**EXERCISE BRIEF**:
Your answer should be the lines below from the one holding "drop crates. |" through the one holding "Semana Mundial de", copied exactly and with nothing else.

**PROVIDED DATA**:
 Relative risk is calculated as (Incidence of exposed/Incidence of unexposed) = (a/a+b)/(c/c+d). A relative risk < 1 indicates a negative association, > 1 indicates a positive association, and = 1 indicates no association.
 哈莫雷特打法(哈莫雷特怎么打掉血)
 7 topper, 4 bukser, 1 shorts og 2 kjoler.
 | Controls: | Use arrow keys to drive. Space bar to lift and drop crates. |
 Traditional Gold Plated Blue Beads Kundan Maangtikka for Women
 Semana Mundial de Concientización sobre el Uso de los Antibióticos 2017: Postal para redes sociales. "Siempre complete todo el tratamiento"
...
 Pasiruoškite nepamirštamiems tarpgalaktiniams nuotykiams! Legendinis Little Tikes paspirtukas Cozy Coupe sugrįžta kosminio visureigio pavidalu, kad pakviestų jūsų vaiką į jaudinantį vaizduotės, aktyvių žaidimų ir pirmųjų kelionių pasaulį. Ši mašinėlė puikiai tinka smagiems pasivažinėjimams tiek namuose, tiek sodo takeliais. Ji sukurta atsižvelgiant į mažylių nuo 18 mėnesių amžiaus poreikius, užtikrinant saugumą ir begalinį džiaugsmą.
---
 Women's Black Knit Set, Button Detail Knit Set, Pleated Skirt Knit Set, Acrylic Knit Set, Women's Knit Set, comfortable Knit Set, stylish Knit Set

**SOLUTION BELOW**:
 | Controls: | Use arrow keys to drive. Space bar to lift and drop crates. |
 Traditional Gold Plated Blue Beads Kundan Maangtikka for Women
 Semana Mundial de Concientización sobre el Uso de los Antibióticos 2017: Postal para redes sociales. "Siempre complete todo el tratamiento"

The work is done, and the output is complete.